PROBLEM => Everything below from the line with "совершенствование контрольно-аналитической деятельности" through the line with "Meteoroloji 8. Bölge" must be retyped exactly, except the pictures.

AVAILABLE DATA =>
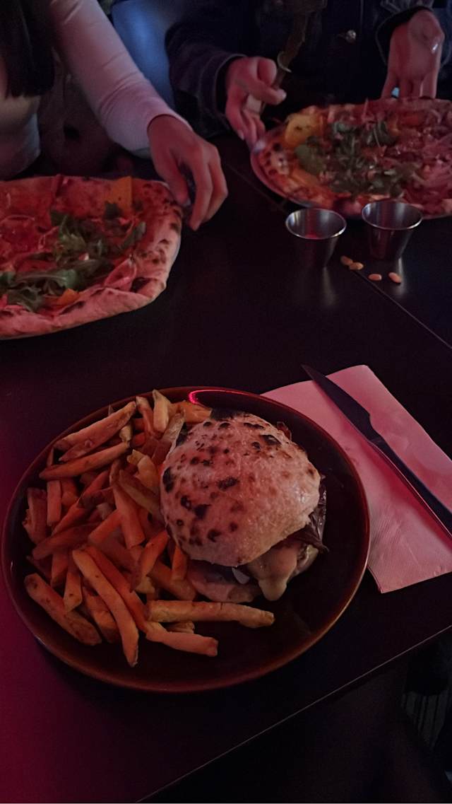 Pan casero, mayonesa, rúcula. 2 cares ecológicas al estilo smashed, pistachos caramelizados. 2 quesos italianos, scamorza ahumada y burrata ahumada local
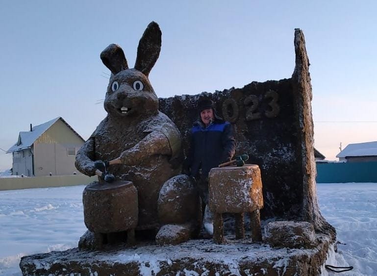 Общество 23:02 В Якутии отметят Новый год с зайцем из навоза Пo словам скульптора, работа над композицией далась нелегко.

--

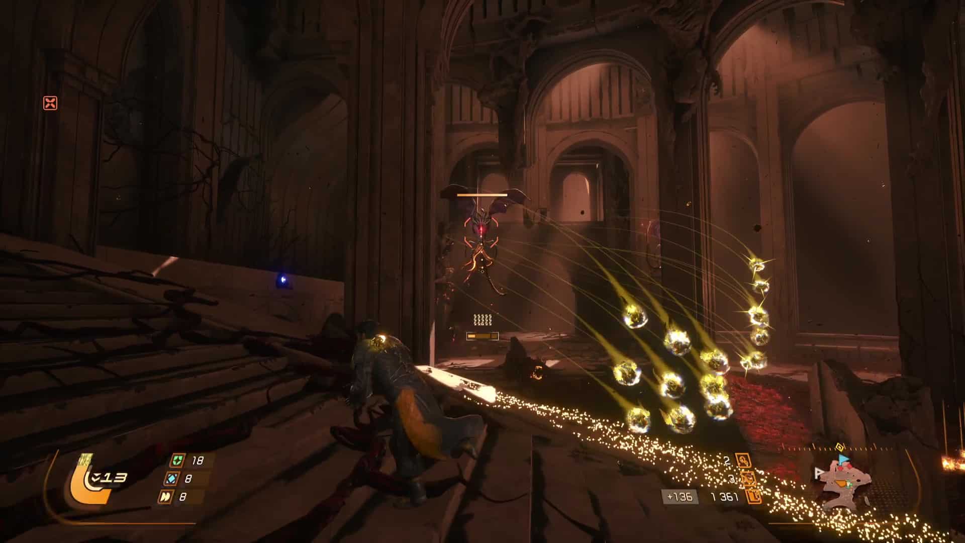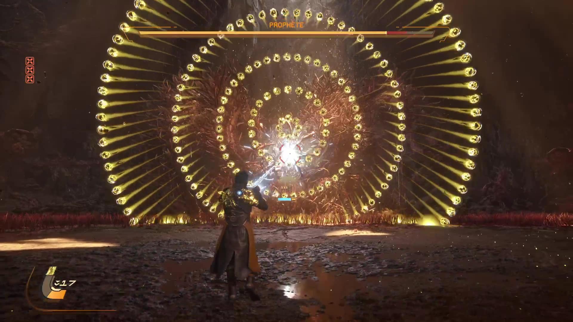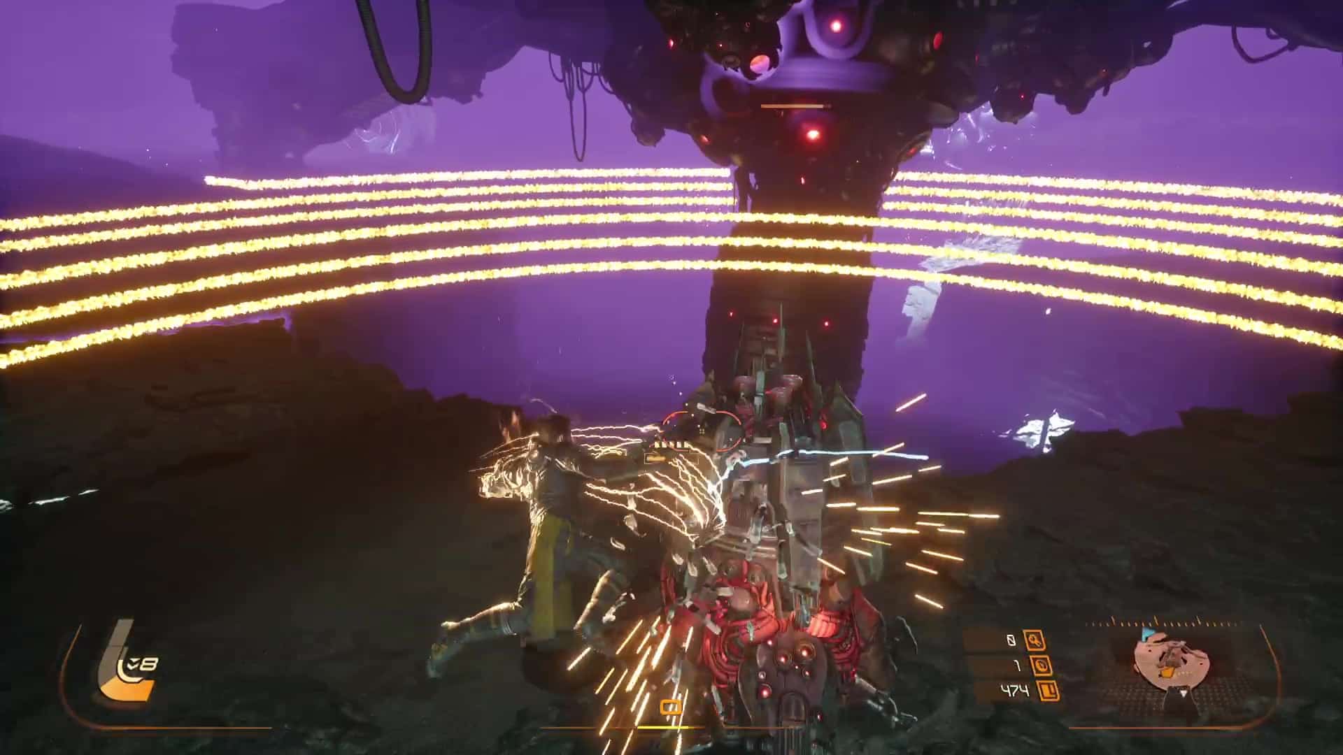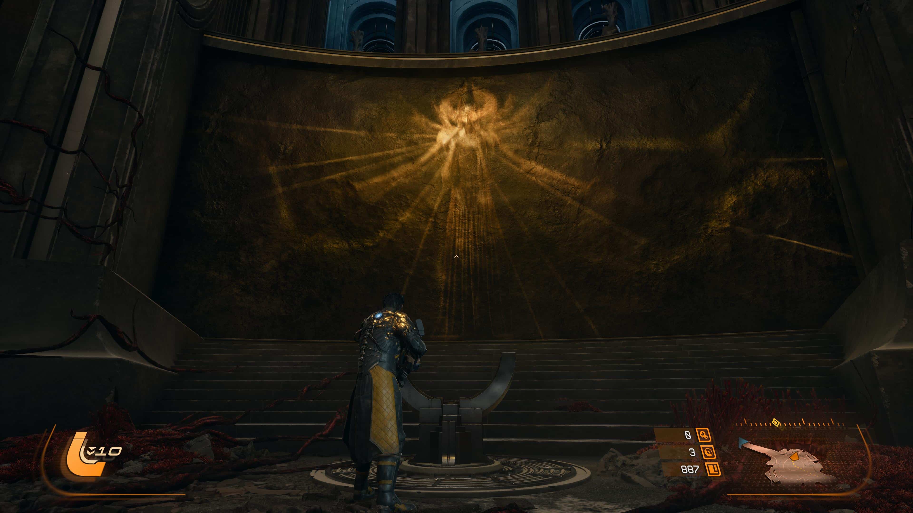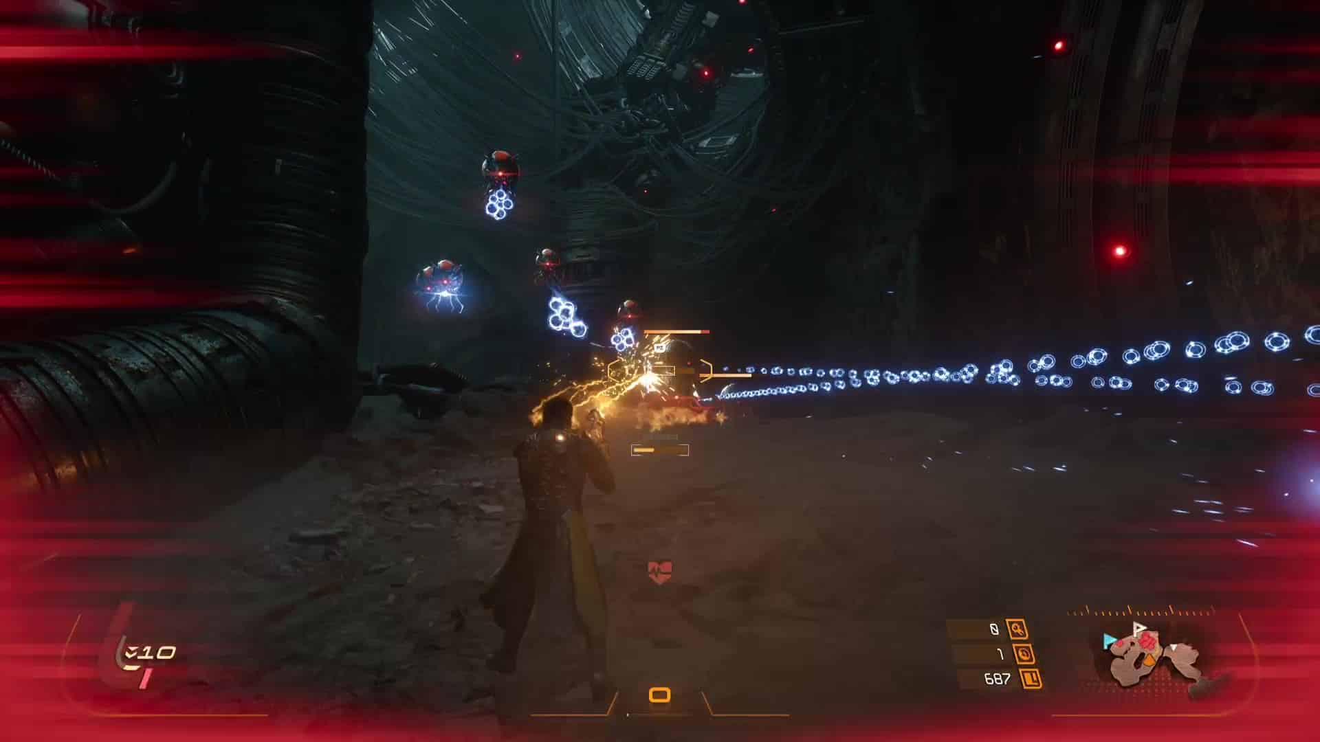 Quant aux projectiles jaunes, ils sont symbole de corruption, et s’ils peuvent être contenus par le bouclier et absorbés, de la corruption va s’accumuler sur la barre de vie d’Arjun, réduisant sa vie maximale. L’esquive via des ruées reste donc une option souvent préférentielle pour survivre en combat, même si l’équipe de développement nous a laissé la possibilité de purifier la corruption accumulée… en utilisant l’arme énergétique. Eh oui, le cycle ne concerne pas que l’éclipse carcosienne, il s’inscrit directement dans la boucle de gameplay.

--

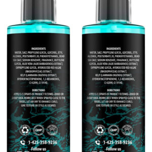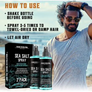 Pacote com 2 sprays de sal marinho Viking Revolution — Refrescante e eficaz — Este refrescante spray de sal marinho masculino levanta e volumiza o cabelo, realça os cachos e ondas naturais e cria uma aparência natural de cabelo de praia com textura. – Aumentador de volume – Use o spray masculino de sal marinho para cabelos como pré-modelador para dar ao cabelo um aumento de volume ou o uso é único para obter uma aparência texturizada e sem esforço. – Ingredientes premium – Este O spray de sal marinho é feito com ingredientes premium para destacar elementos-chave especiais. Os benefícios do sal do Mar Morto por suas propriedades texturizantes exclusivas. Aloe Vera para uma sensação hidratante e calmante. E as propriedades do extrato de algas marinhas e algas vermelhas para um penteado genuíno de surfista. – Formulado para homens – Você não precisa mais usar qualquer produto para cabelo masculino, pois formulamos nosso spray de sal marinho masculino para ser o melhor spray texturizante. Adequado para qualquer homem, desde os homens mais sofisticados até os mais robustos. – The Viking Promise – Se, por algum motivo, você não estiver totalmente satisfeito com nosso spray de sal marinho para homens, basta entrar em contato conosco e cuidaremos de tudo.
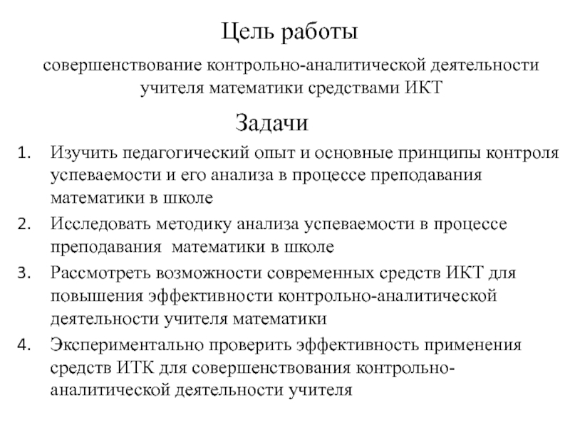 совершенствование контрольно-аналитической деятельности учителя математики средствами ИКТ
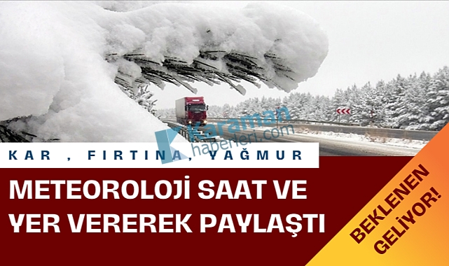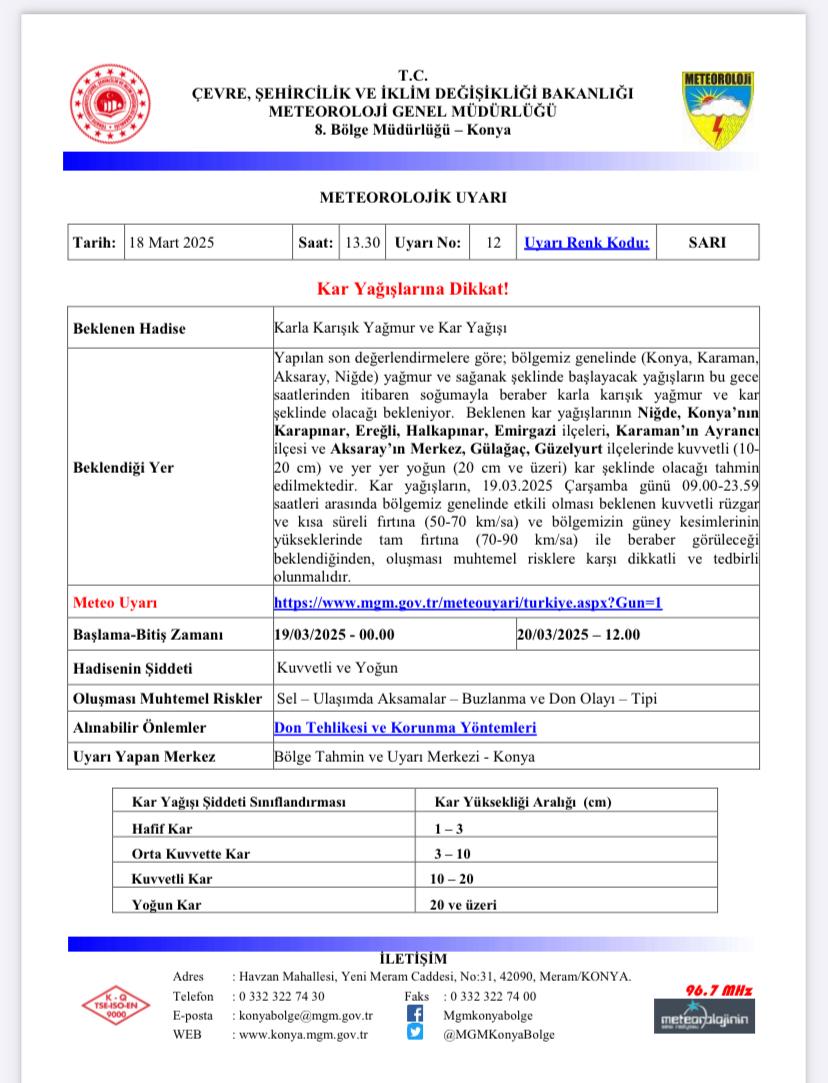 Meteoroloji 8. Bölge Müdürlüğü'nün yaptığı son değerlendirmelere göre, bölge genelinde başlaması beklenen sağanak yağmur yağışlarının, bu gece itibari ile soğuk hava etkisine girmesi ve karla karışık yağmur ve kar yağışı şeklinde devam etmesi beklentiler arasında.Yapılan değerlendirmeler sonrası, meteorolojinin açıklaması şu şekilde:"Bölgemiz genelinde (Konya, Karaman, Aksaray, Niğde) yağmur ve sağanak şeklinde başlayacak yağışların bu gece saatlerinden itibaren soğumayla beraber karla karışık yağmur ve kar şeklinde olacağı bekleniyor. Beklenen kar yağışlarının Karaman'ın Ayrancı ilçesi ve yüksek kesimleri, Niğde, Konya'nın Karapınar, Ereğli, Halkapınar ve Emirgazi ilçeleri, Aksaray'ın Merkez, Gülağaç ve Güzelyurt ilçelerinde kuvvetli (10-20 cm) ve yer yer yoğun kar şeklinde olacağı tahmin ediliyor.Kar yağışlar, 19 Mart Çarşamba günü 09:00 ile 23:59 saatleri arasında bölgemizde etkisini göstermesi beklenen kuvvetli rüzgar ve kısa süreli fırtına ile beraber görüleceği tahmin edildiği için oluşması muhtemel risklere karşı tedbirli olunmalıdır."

ANSWER SPACE =>
 совершенствование контрольно-аналитической деятельности учителя математики средствами ИКТ
 Meteoroloji 8. Bölge Müdürlüğü'nün yaptığı son değerlendirmelere göre, bölge genelinde başlaması beklenen sağanak yağmur yağışlarının, bu gece itibari ile soğuk hava etkisine girmesi ve karla karışık yağmur ve kar yağışı şeklinde devam etmesi beklentiler arasında.Yapılan değerlendirmeler sonrası, meteorolojinin açıklaması şu şekilde:"Bölgemiz genelinde (Konya, Karaman, Aksaray, Niğde) yağmur ve sağanak şeklinde başlayacak yağışların bu gece saatlerinden itibaren soğumayla beraber karla karışık yağmur ve kar şeklinde olacağı bekleniyor. Beklenen kar yağışlarının Karaman'ın Ayrancı ilçesi ve yüksek kesimleri, Niğde, Konya'nın Karapınar, Ereğli, Halkapınar ve Emirgazi ilçeleri, Aksaray'ın Merkez, Gülağaç ve Güzelyurt ilçelerinde kuvvetli (10-20 cm) ve yer yer yoğun kar şeklinde olacağı tahmin ediliyor.Kar yağışlar, 19 Mart Çarşamba günü 09:00 ile 23:59 saatleri arasında bölgemizde etkisini göstermesi beklenen kuvvetli rüzgar ve kısa süreli fırtına ile beraber görüleceği tahmin edildiği için oluşması muhtemel risklere karşı tedbirli olunmalıdır."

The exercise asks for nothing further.